- Purpose: Model-based dose calculation algorithms (MBDCAs) have become
clinically available within the past several years in commercially available
brachytherapy planning systems. This work investigates the application of a 510(k)
approved MBDCA Acuros™ BV and establishes a reproducible method of
validation. The research is broken into three primary research goals. The first
objective was to focus on helping medical physicists reproducibly validate the
implementation of MBDCA in the clinic by using direct measurements and
comparison to Monte Carlo (MC). The second objective was to commission a very
low energy spectrum using Attila™, the parent software to Acuros™ BV, by
comparison to MC. The third area retrospectively examines the application of
Acuros™ BV to a large group of previously treated patients by accelerated partial
breast irradiation brachytherapy.
Methods: A Quality Assurance phantom (QAP) was fabricated by taking a solid
(30x30x5 cm3) piece of water and drilling a 3 cm diameter hole to accommodate a
variety of pre-manufactured density plugs. The phantom was used to validate the
clinical implementation of the commercially available MBDC algorithm AcurosTM
BV. Once the QAP was imported into BrachyVision, the AcurosTM BV 192Ir dose
distributions were calculated. The QAP was modeled using Monte Carlo N-Particle
version 5 (MCNP5) and dose predictions were compared to AcurosTM BV at 0.2 cm
increments out to 4.5 cm. Additionally, physical measurements taken using Diode and
a MOSFET were also compared to AcurosTM BV. The second part of the
investigation used a similar QAP simulated three dimensionally in Attila™. This
investigation replaced the 192Ir source with a 50 kVp source spectrum provided by
Xoft, Inc. Attila™ and MCNP5 were used to simulate this low energy spectrum as the
source in the QAP at multiple points for comparison. The final investigation
examined two hundred accelerated partial breast irradiated (APBI) brachytherapy
patients that had been treated from 2008 to 2012 by the original TG43 formalism and
recalculated using AcurosTM BV. Clinically relevant endpoints such as V100, V90,
erythema and moist desquamation were compared between TG43 and Acuros™ BV.
Results: Over twenty points extending through different heterogeneities were
compared using an 192Ir source and calculated for both AcurosTM BV and MCNP.

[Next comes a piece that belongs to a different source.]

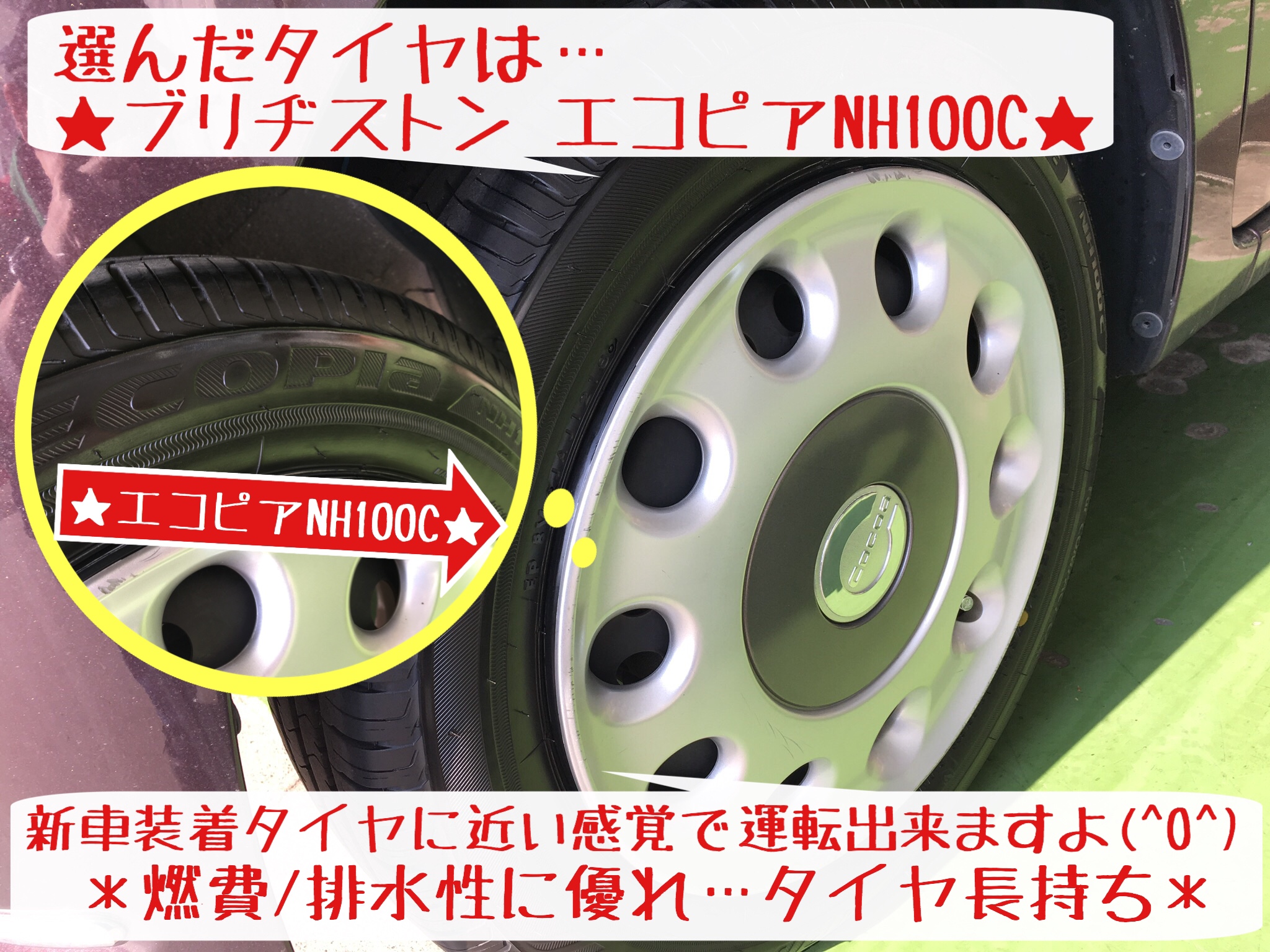 ★車種:ダイハツ ミラココア タイヤ:ブリヂストン エコピアNH100C 155/65R14 タイヤ点検 空気圧点検 ローテーション アライメント測定&調整★

Physical measurements taken on the QAP using solid-state detectors compared within
1% of Acuros™ BV calculations. The absolute dose of AcurosTM BV compared with
MC results varied from -3.0% up to 7.2%. When investigating the impact of
heterogeneities from a low kV spectrum, the absolute difference from Attila™ and
MC ranged from -15.1% to 9.0%. The final retrospective study showed noticeable
changes in recalculated dosimetry, with the most significant changes observed with
balloon devices. The difference in dose when AcurosTM BV was subtracted from
TG43 calculations showed balloons have reduced skin doses that ranged from 0.4%
to 10.2%. The differences for SAVI™ showed skin dose changes from -9.5% to
7.8%. For balloon devices, the average dose differences for V100, V95, V90 were
5.6%, 4.9% and 3.8%, respectively. The SAVI™ dose differences for V100, V95,
V90 were 2.2%, 2.1%, and 1.8%, respectively.
Conclusions: A phantom was fabricated to serve as a tool for clinical medical
physicists to efficiently and reproducibly validate the commissioning of MBDCAs.
This QAP aids in a fully inclusive system check from CT acquisition, to AcurosTM
BV calculations and finally diode or MOSFET measurements. Commissioning for
very low energy spectrum, such as eBx, was accomplished by importing this phantom
into Attila™ and comparing to MCNP calculations when encountering
heterogeneities. The final retrospective study suggest further investigation is needed
to assign uniform densities to heterogeneities encountered in the patient's CT images.
The recalculated patient dose using Acuros™ BV did predict a reduction in dose at
key points, such as tissue-air interface, V100 and V90 coverage, however, acute and
chronic skin dose thresholds showed no trending in data and were not predictable.